The lines below from the one with "Sisleyn virkistävä Eau" up to and including the one with "Мэр Омска Сергей" are what you should set down, exactly and without pictures.

#### Provided entries:
◆ ◆ ◆ ◆ ◆ ◆ ◆

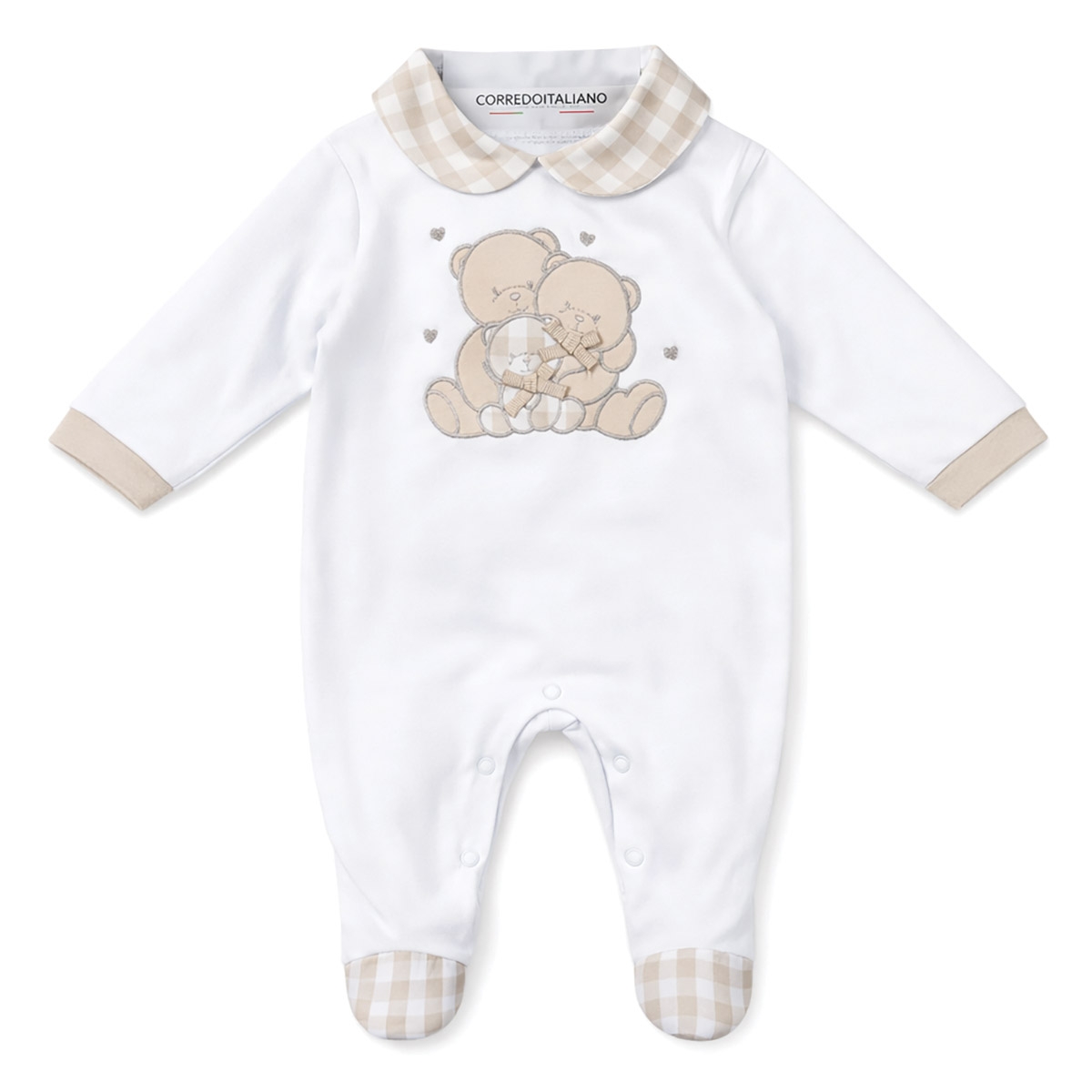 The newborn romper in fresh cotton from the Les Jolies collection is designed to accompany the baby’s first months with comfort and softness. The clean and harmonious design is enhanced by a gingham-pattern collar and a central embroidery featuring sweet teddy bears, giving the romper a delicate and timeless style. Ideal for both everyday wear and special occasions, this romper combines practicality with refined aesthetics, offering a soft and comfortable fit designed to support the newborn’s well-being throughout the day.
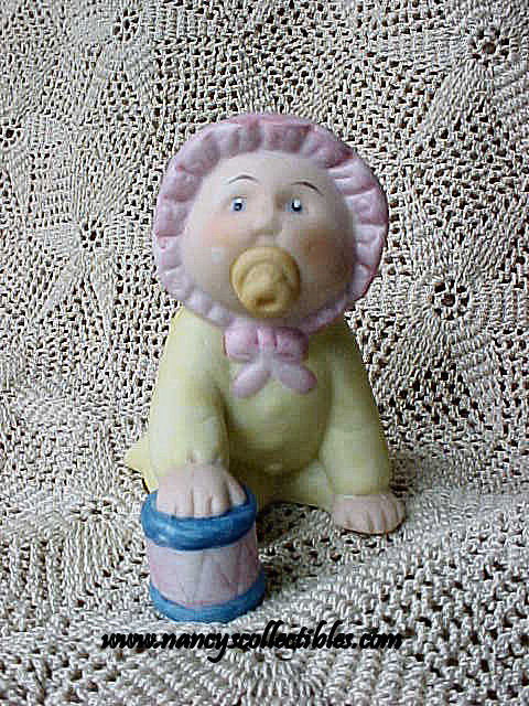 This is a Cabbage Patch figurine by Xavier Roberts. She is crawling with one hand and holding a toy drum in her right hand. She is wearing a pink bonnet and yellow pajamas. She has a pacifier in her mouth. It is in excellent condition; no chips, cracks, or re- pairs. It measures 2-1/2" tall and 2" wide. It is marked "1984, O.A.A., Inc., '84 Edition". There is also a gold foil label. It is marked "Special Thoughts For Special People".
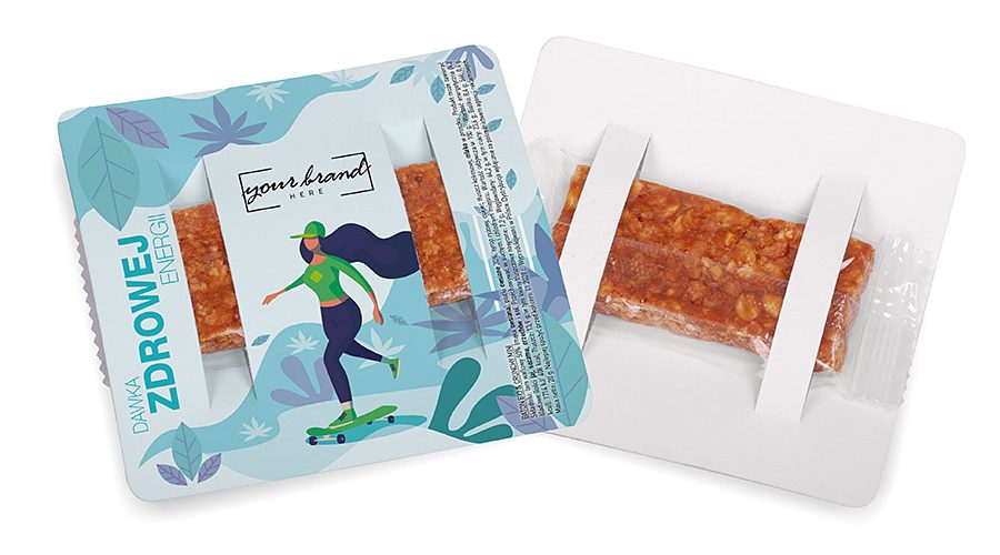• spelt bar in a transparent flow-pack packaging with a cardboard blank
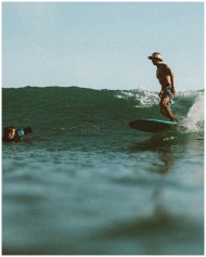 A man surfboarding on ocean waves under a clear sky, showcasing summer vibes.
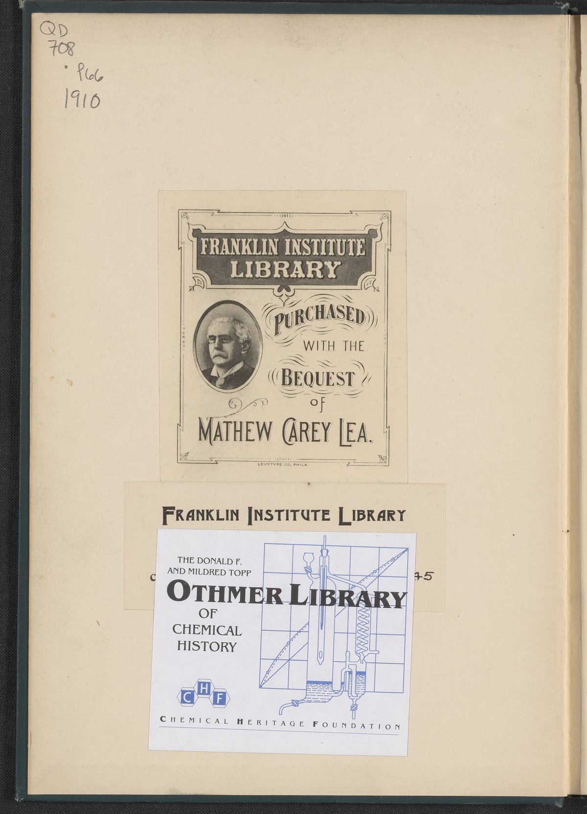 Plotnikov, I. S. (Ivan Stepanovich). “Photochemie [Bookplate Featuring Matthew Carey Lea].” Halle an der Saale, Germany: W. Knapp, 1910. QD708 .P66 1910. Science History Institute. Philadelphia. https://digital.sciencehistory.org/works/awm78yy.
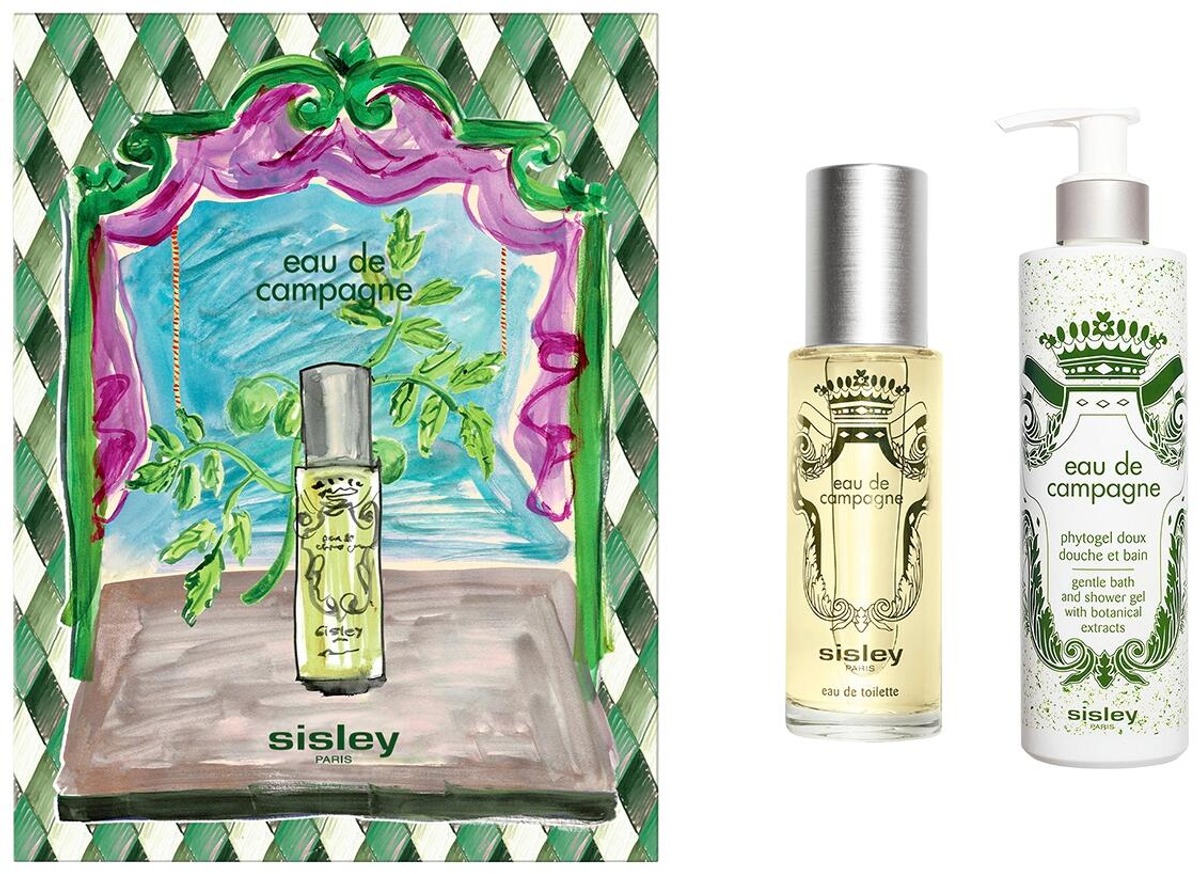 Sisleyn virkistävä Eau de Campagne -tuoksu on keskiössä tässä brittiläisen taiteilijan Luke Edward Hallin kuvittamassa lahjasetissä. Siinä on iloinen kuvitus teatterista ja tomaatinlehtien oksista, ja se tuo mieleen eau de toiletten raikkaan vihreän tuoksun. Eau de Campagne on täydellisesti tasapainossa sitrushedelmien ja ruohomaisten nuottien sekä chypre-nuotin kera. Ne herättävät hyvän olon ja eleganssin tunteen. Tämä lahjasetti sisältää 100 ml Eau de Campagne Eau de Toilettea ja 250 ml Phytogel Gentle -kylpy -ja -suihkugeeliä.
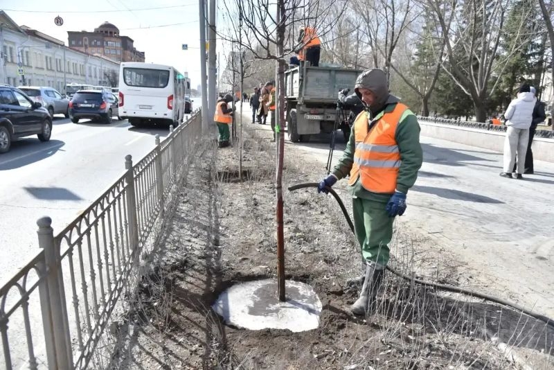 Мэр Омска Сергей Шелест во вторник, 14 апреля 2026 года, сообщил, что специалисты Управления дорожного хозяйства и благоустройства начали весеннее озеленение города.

◆ ◆ ◆ ◆ ◆ ◆ ◆

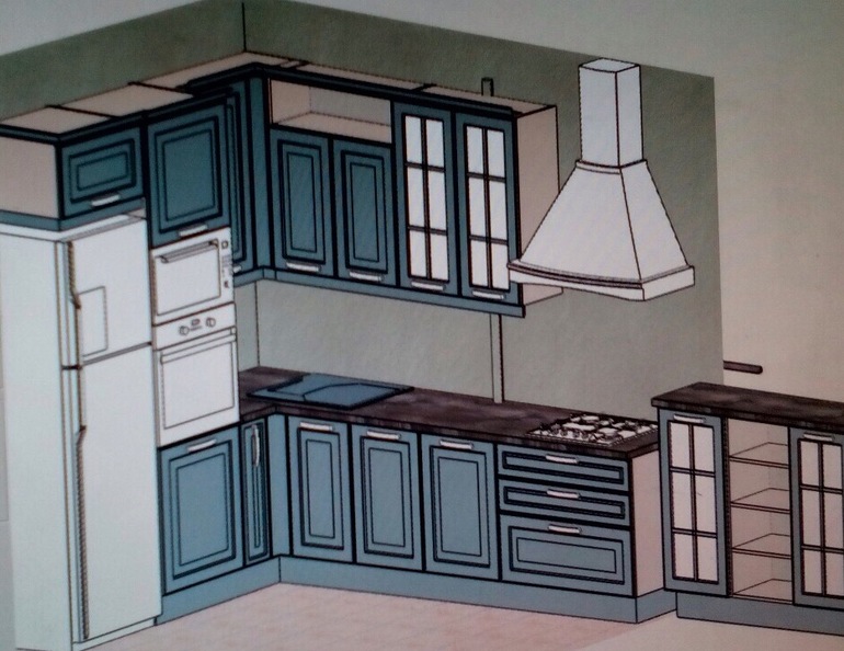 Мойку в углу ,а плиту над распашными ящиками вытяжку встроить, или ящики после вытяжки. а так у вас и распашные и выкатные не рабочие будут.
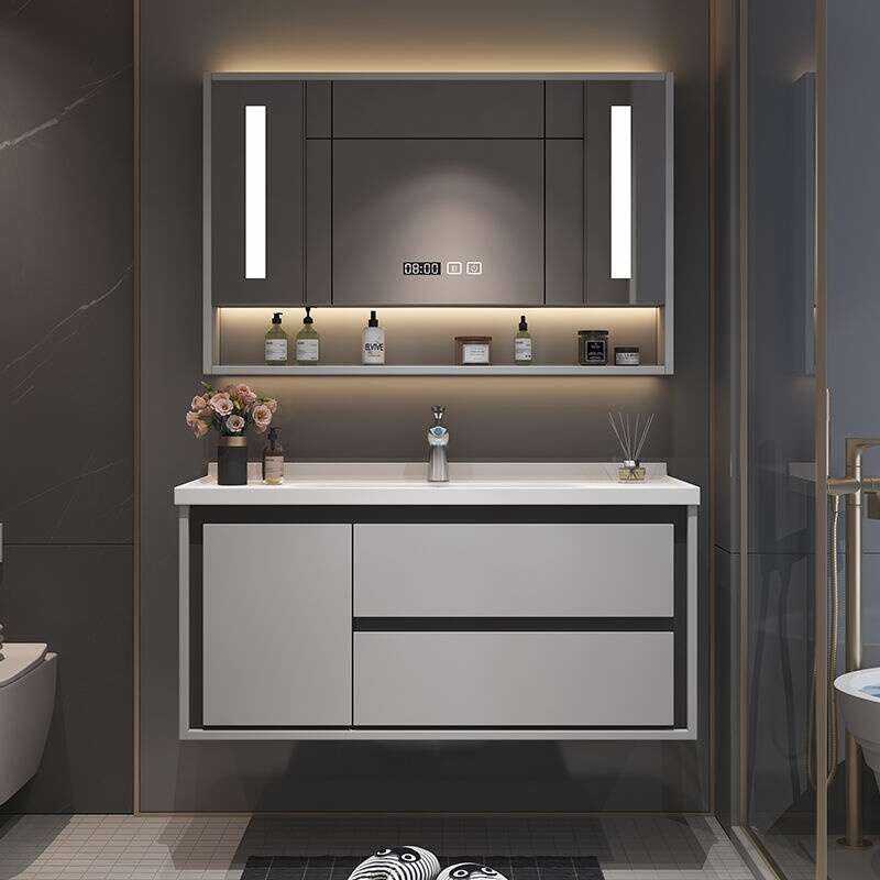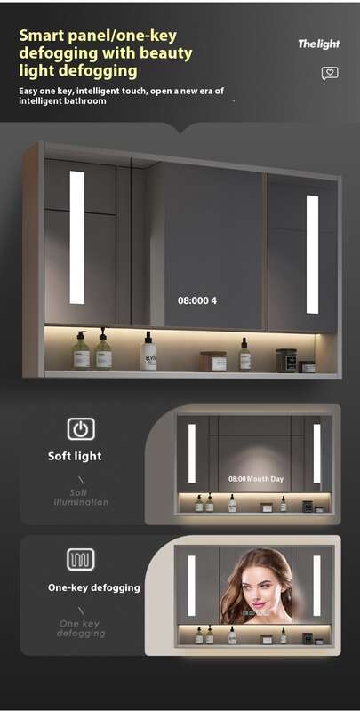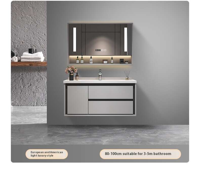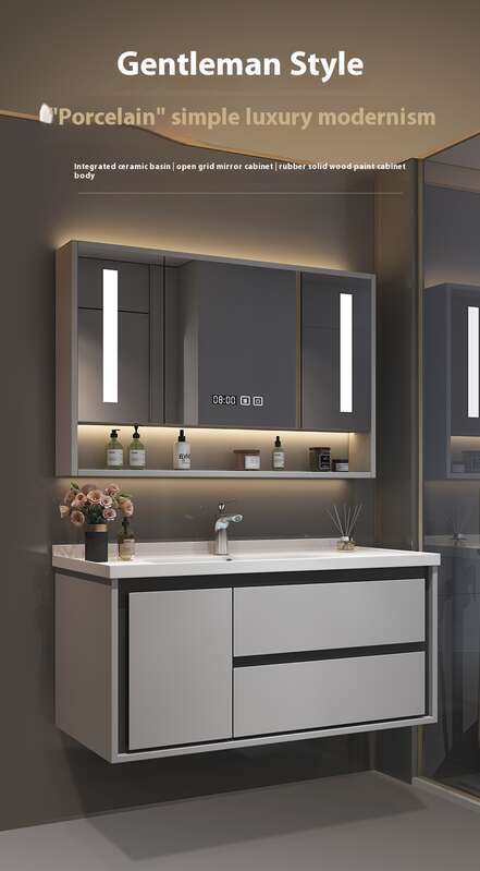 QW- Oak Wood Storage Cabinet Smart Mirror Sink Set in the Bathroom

◆ ◆ ◆ ◆ ◆ ◆ ◆

#### Response for this exercise:
 Sisleyn virkistävä Eau de Campagne -tuoksu on keskiössä tässä brittiläisen taiteilijan Luke Edward Hallin kuvittamassa lahjasetissä. Siinä on iloinen kuvitus teatterista ja tomaatinlehtien oksista, ja se tuo mieleen eau de toiletten raikkaan vihreän tuoksun. Eau de Campagne on täydellisesti tasapainossa sitrushedelmien ja ruohomaisten nuottien sekä chypre-nuotin kera. Ne herättävät hyvän olon ja eleganssin tunteen. Tämä lahjasetti sisältää 100 ml Eau de Campagne Eau de Toilettea ja 250 ml Phytogel Gentle -kylpy -ja -suihkugeeliä.
 Мэр Омска Сергей Шелест во вторник, 14 апреля 2026 года, сообщил, что специалисты Управления дорожного хозяйства и благоустройства начали весеннее озеленение города.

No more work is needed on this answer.